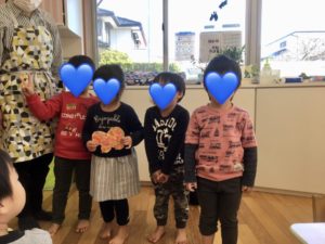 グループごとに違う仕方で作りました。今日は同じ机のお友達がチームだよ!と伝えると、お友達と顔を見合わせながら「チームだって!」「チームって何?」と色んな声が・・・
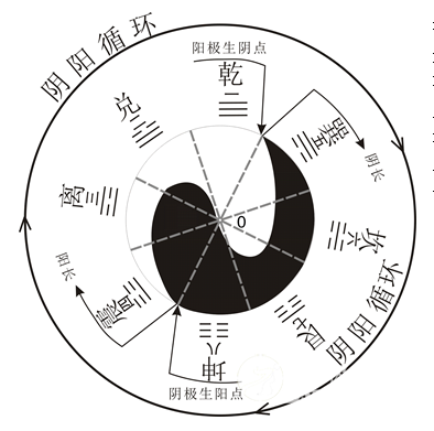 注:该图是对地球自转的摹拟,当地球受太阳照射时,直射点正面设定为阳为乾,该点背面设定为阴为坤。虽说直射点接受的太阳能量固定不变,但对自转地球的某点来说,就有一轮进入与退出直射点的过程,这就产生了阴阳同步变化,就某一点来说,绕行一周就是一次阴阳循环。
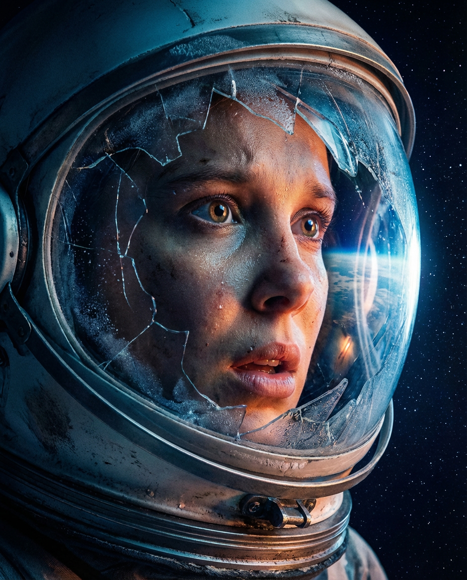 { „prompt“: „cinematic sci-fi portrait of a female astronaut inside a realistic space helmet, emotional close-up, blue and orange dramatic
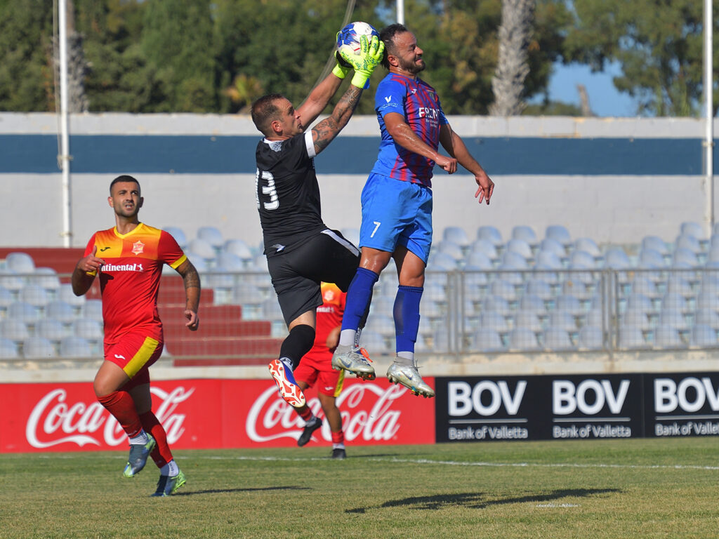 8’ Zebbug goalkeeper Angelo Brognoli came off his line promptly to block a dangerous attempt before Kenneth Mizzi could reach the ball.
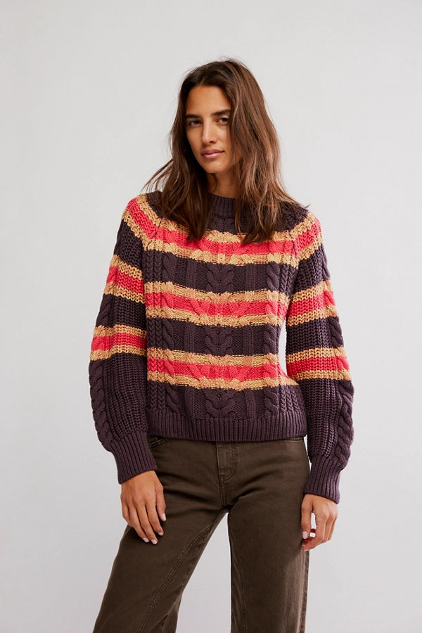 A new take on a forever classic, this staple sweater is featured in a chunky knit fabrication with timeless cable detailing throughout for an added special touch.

> [Your objective] The response should hold only an exact retyping of the lines from the beginning of the data through the line containing "and orange dramatic", both ends kept, pictures omitted.

> [Answer to the problem]
 グループごとに違う仕方で作りました。今日は同じ机のお友達がチームだよ!と伝えると、お友達と顔を見合わせながら「チームだって!」「チームって何?」と色んな声が・・・
 注:该图是对地球自转的摹拟,当地球受太阳照射时,直射点正面设定为阳为乾,该点背面设定为阴为坤。虽说直射点接受的太阳能量固定不变,但对自转地球的某点来说,就有一轮进入与退出直射点的过程,这就产生了阴阳同步变化,就某一点来说,绕行一周就是一次阴阳循环。
 { „prompt“: „cinematic sci-fi portrait of a female astronaut inside a realistic space helmet, emotional close-up, blue and orange dramatic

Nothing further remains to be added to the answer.